Bulgular: 209 hastadan 103 (13 erkek, 90 kadın) hastada tümör çapı ≤5 mm olup grup 1, 106 (12 erkek, 94 kadın) hastada tümör çapı >5 mm olup grup 2 olarak sınıflandırıldı. Grup 1 için 20 (%22.2) hastada santral lenf nodu diseksiyonu yapılırken, grup 2 için bu sayı 40 (%43.5) hastaydı (p=0.002). Kapsül invazyonu grup 1’de 6 (%6) hastada, grup 2’de 20 (%19.4) hastada tespit edildi (p=0.004). Çoklu odak varlığı açısından gruplar arasında anlamlı farklıklık saptanmadı (grup 1’de 24 (%23.8), grup 2’de 33(%32); p=0.18). Lenf nodu metastazı grup 1’de 4 (%4) hastada, grup 2’de 13 (%12.6) hastada mevcut olup iki grup arasında anlamlı farklılık mevcuttu (p=0.027).

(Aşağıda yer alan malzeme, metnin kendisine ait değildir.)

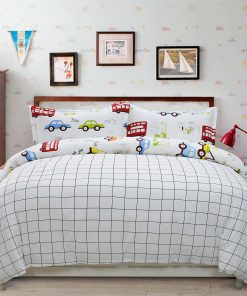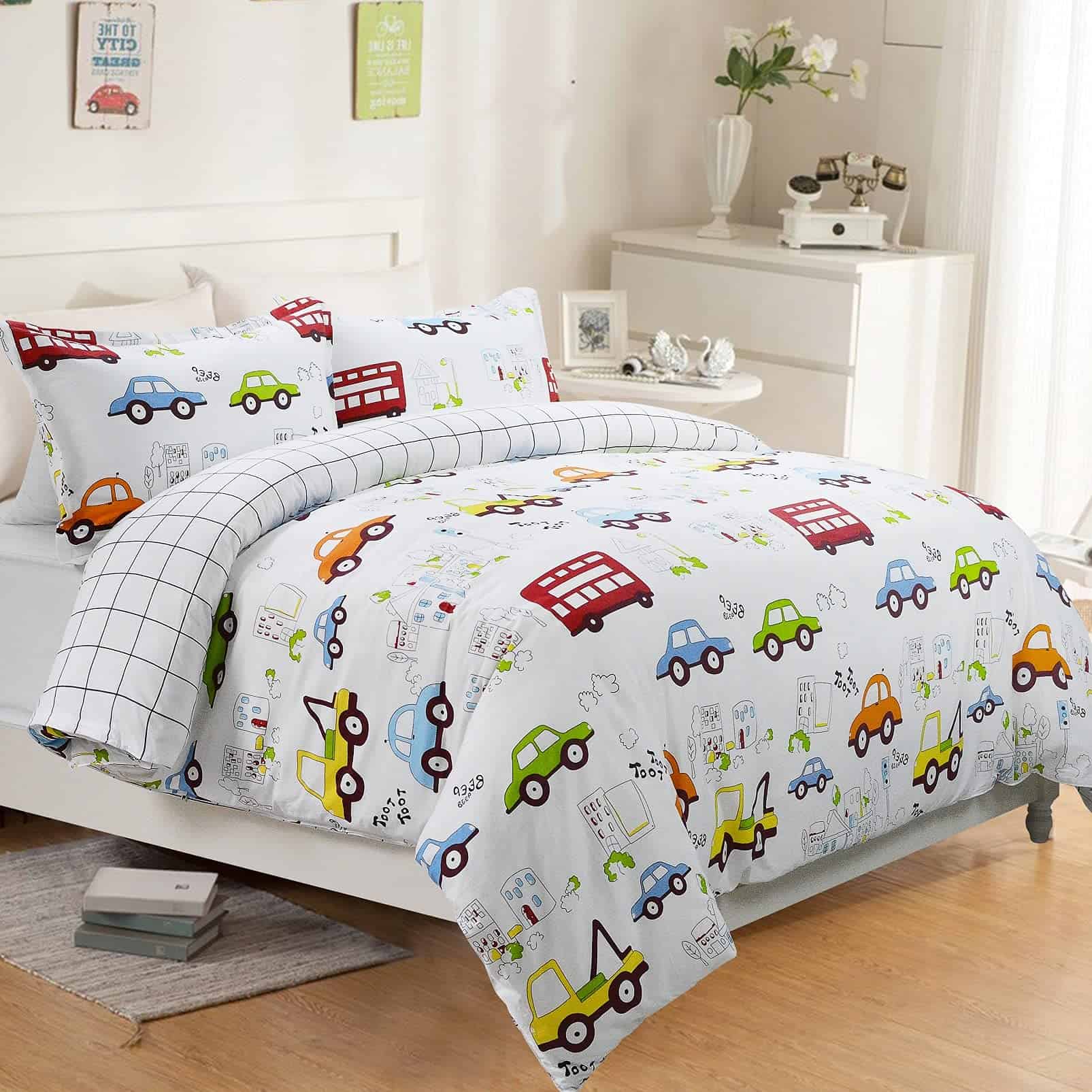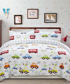 Esta funda de edredón para niños de la marca Brandream ofrece una combinación perfecta de suavidad y durabilidad. Hecha de 100% algodón de alta calidad, esta funda de edredón tiene un tacto suave y fresco que es ideal para una noche de sueño reparador. El juego incluye una funda de edredón con cierre de cremallera y lazos en las esquinas, junto con dos fundas de almohada estándar a juego. Esta funda de edredón es lavable a máquina en frío con ciclo suave y se seca a baja temperatura, manteniendo su calidad duradera sin decoloración ni formación de bolitas. El diseño con estampado de autos y vehículos CARTOON hace que esta funda de edredón sea tanto funcional como decorativa, perfecta para cualquier habitación de niños amantes de los autos.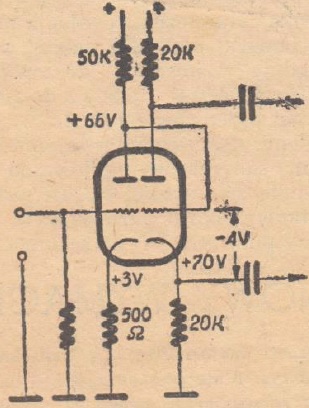 Wartości z rys. 1 wskazują, że pierwsza lampa pracuje przy bardzo niskim napięciu na swej anodzie. Oporność anodowa jest tu bowiem przeszło 50 razy większa niż zwykle, zaś napięcie ekranu odpowiednio niższe od napięcia anodowego. Uzyskuje się w ten sposób pewną oszczędność na poborze prądu, ale jednocześnie wyzyskuje się do maksimum, przynajmniej w tych warunkach, zdolności amplifikacyjne lampy.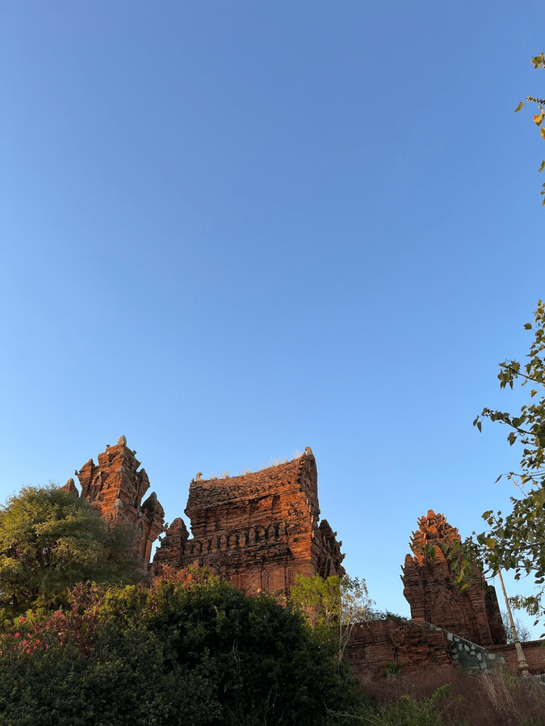 Trên đồi Trầu, cụm tháp Pô Klong Garai đứng như một mũi tên gạch đỏ cắm vào nắng. Tháp được xây dựng khoảng cuối thế kỷ XIII, đầu thế kỷ XIV để thờ vua Po Klong Garai. Điều khiến tôi bị giữ lại không chỉ là hình khối vươn cao, mà là cảm giác vật liệu đã “đi qua lửa” để trở thành ký ức.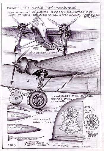 This situation involved so many problems and was somewhat confusing, so much so there then evolved the Do-23. This re-design of the Dornier bomber, although still very closely resembling the original Do-11, had rectified every fault with the final design. This consisted of redesigned and strengthened wing spars, flap function, in-line engines in place of the radial ones and best of all a sturdy fixed undercarriage. The Do-11s were hastily removed from German service. The serious problems were not so much evident at the time when they were delivered to Bulgaria in 1937. Even so the German pilots dreaded this bomber outright. It said, the experienced and apparently more able and willing Bulgarian pilots at the time, in spite of all the difficulties attached to this bomber, have managed to take out three years of active service on this machine.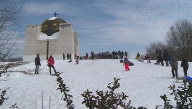 Десетки русенски деца вече няколко дни окупират района на Пантеона на възрожденците. На импровизираната пързалка се носи весела глъч и забавлението расте с броя на малчуганите.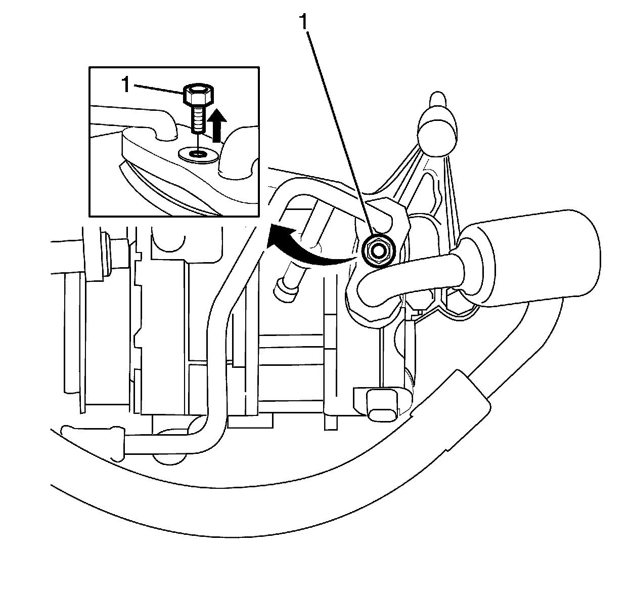 8. Install the suction/discharge pipe pad to compressor retaining bolt (1) and tighten to 22 Nm (16 lb ft).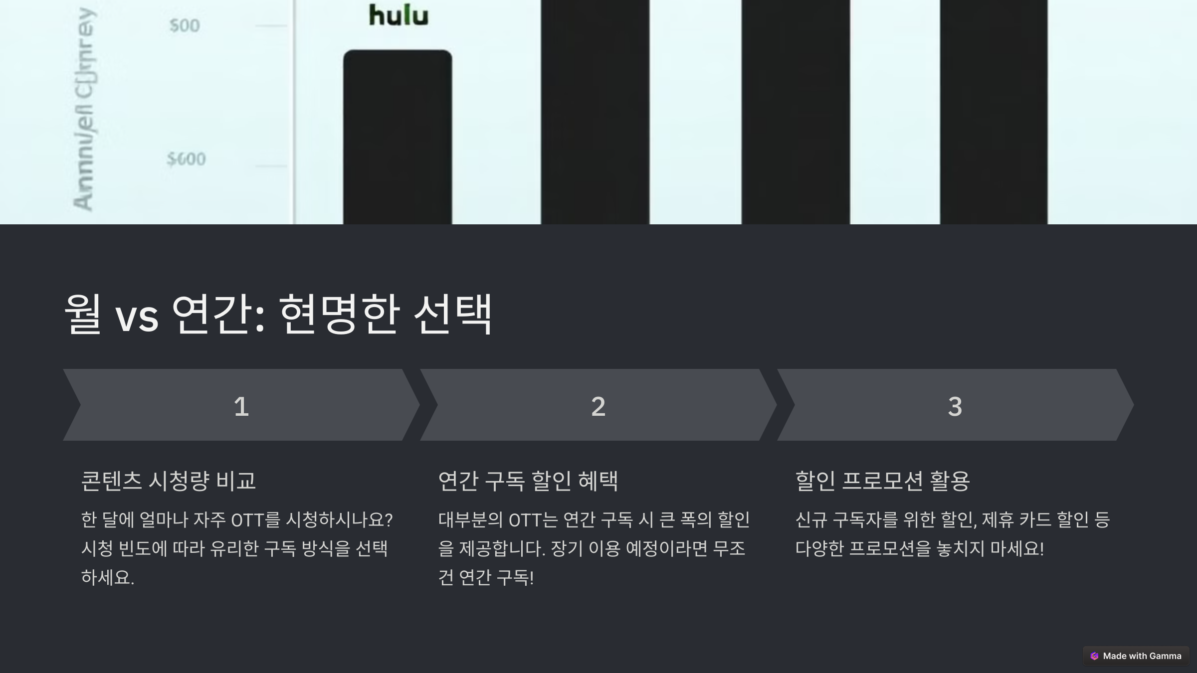 OTT 구독 패턴을 분석한 후, 장기적으로 사용할 플랫폼은 연간 구독을 선택하고, 시즌별로 특정 콘텐츠를 시청할 경우는 월간 구독을 이용하는 것이 가장 현명한 방법이에요! 📺

Grup 1’de hiçbir hastada cerrahi sınırda tümör tespit edilmemişken, grup 2’de 5 (%5.1) hastada cerrahi sınırda tümör tespit edildi (p=0.025)
Sonuç: Operasyon ve patoloji sonuçları değerlendirildiğinde 1 cm’nin altındaki tümörler her ne kadar mikropapiller kanserler başlığı altında tek olarak değerlendirilse de,tümör boyutunun 5 mm’nin üzerinde olmasi veya tümör boyutundan bağımsız olarak multifokal tümör varlığında daha sık rekürrens görülmektedir.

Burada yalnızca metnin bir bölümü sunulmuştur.